Long time bisecting and reading assembly points to the

commit 2dc41cff7545d55c6294525c811594576f8e119c
Author: David Held <[email protected]>
Date: Tue Jul 15 23:28:32 2014 -0400

udp: Use hash2 for long hash1 chains in __udp*_lib_mcast_deliver.

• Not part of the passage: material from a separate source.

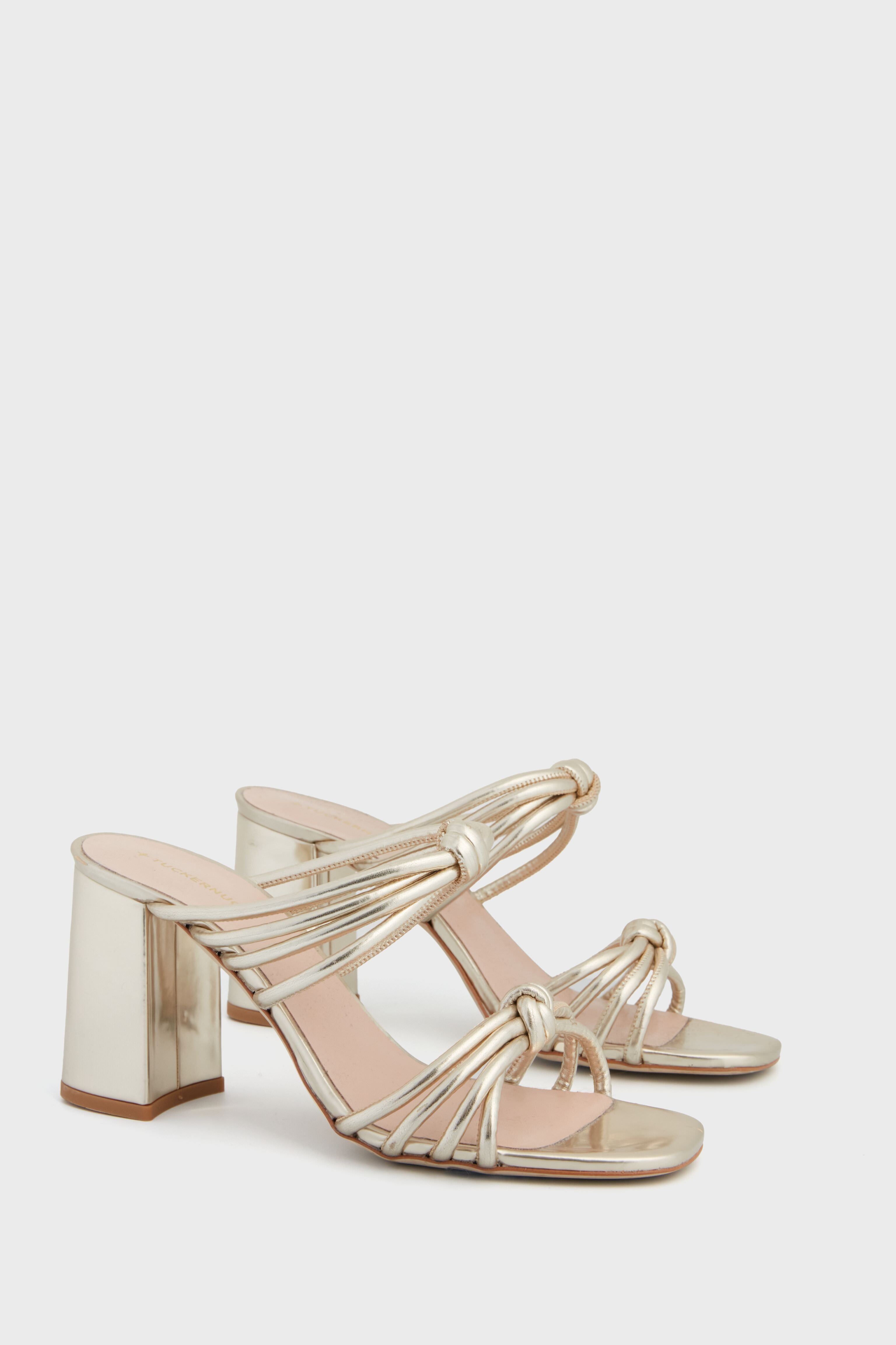 Glamorous and statement-making. the Gold Sonia Heels are occasion-ready. Designed to last all night long. these strappy stunners have memory foam inserted at the ball of the foot and a comfortable silhouette made from soft leather that you won't slip out of no matter how humid it is outside (no cinderella stories here!). With a block heel that works well for walking on uneven surfaces (hello outdoor weddings) and dual straps complete with knotted detailing. we're sure this easy to wear and elevated style will be a winner all summer long. Ideal for the dance floor. date nights. or any party on your social calendar. we know you'll be constantly reaching for these beauties.
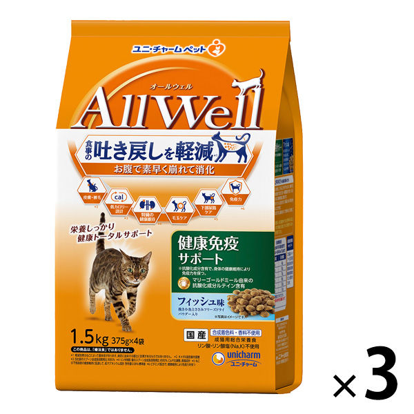 オールウェル 健康免疫サポート フィッシュ味 国産 1.5kg(小分け 375g×4袋)3袋 キャットフード 猫 ドライ

I don't know yet neither the package exactly makes this (tried to
debug print, but bug disappears) nor should be network card driver
fixed, or even compiler / binutils problems (using it from buildroot,
which is gcc 4.2.2). Would like to hear opinions what the root cause
might be and what ways we have to fix it. I'm also wondering if any
other architecture with same network card has the issue.

P.S.
Since buildroot is not supporting anymore avr32 I use the version just
before this removal. (Nicolas, does Atmel care about that?)

--
With Best Regards,
Andy Shevchenko


2015-07-31 13:45:37

by Andy Shevchenko

[permalink] [raw]
Subject: Re: Null pointer dereference in UDP4 core on AVR32 ATNGW100

On Fri, Jul 31, 2015 at 4:25 PM, Andy Shevchenko
<[email protected]> wrote:
> Hi!
>
> Got few weeks ago an old AVR32 board (ATNGW100).
> It has ethernet cards supported by macb driver.
>
> Bring it mostly back to work with recent kernel from linux-next. Now,
> when I start networking on it, I got in few seconds kernel panic.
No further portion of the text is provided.